• [INFORMATION SHOWN]
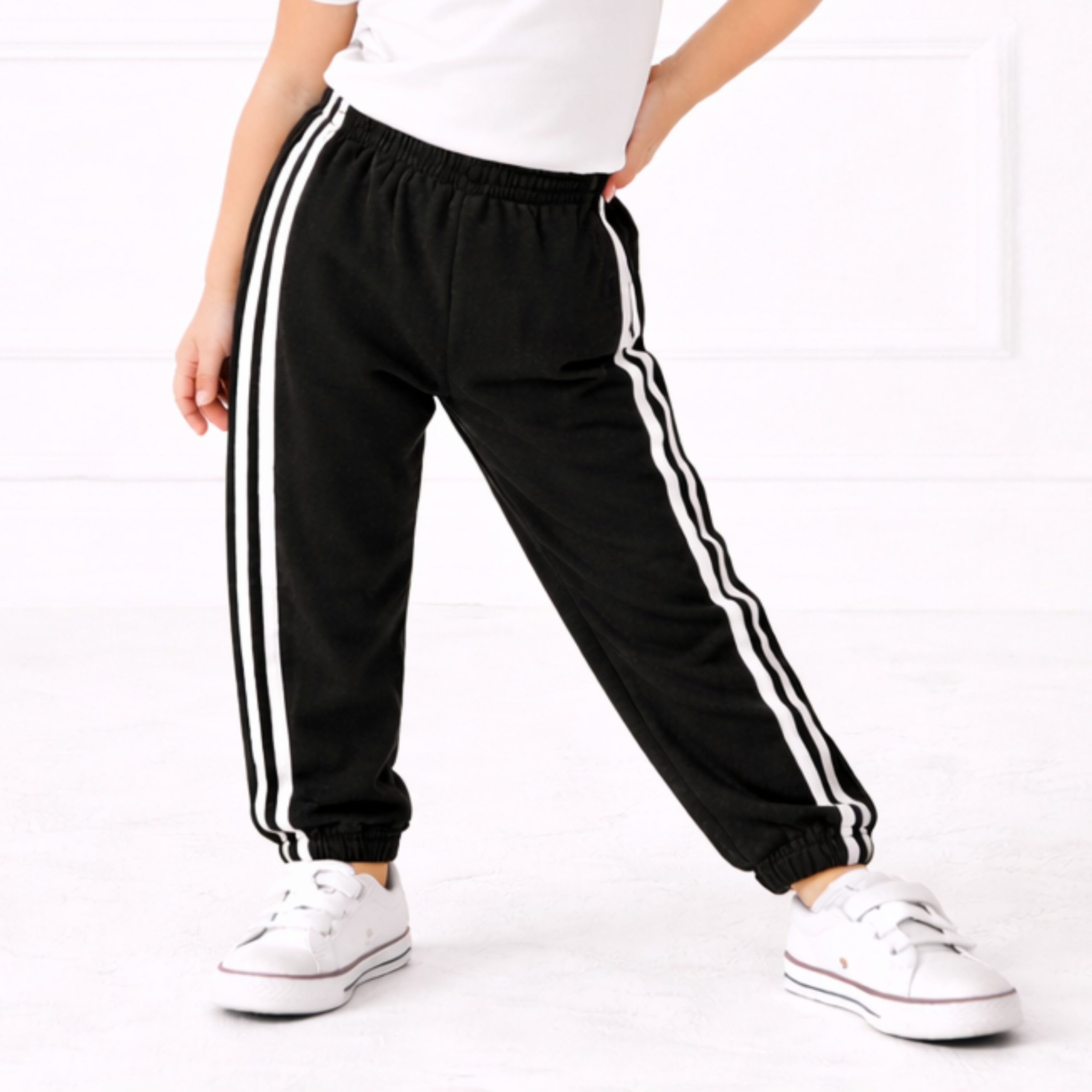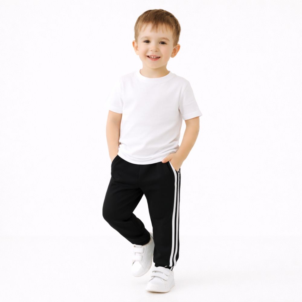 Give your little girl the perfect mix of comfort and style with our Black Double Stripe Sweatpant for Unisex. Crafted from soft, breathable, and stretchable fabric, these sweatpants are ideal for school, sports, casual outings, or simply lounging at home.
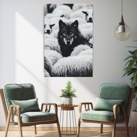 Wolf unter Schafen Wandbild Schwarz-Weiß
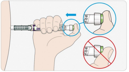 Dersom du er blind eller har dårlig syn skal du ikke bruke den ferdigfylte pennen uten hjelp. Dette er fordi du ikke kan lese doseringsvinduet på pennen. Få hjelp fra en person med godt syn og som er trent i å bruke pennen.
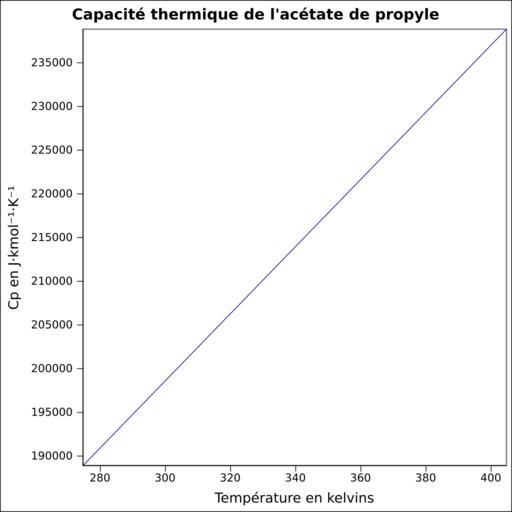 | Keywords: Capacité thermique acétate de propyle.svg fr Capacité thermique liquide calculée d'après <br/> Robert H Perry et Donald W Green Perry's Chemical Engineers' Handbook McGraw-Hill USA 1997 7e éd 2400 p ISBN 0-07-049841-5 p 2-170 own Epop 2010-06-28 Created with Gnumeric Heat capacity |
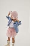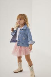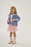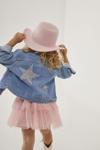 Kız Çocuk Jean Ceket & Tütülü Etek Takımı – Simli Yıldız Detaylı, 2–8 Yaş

* * *

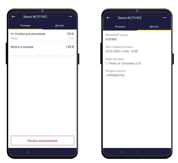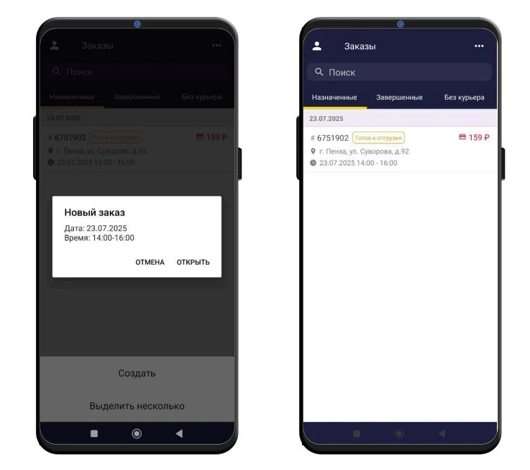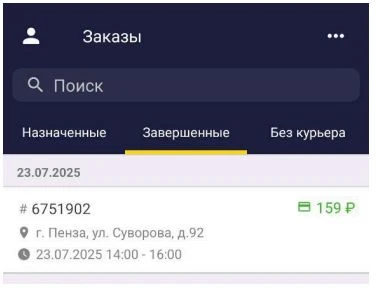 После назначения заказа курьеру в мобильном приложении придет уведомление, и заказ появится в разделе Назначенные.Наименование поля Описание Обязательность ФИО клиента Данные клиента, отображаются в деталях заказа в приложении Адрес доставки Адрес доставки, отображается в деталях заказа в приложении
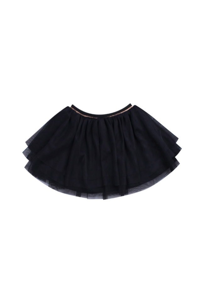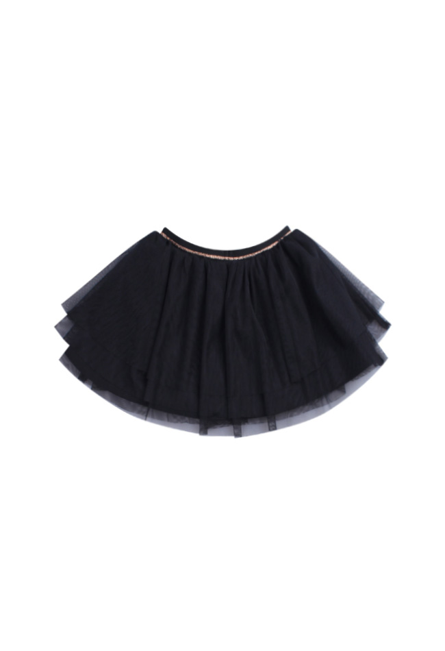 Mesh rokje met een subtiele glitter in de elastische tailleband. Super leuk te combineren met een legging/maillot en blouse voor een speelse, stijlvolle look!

* * *

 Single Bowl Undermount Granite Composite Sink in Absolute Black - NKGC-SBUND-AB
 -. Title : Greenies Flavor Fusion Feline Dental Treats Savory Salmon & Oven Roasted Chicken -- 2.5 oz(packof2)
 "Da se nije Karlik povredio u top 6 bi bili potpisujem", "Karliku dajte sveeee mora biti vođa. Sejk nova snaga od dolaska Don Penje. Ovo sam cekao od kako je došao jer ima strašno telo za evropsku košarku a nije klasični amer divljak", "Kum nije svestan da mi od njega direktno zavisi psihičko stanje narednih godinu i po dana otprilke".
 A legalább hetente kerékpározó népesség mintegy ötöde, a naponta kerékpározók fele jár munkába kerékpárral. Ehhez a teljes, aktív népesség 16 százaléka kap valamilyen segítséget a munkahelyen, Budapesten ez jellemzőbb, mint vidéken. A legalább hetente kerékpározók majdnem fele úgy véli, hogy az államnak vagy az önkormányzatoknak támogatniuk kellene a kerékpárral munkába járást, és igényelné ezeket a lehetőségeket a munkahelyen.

• [REQUIREMENT] In the material above, which lines fall between the one holding "Wolf unter Schafen Wandbild Schwarz-Weiß" and the one holding "Dersom du er", inclusive? Print exactly those, with the pictures left out.

• [WRITTEN SOLUTION]
 Wolf unter Schafen Wandbild Schwarz-Weiß
 Dersom du er blind eller har dårlig syn skal du ikke bruke den ferdigfylte pennen uten hjelp. Dette er fordi du ikke kan lese doseringsvinduet på pennen. Få hjelp fra en person med godt syn og som er trent i å bruke pennen.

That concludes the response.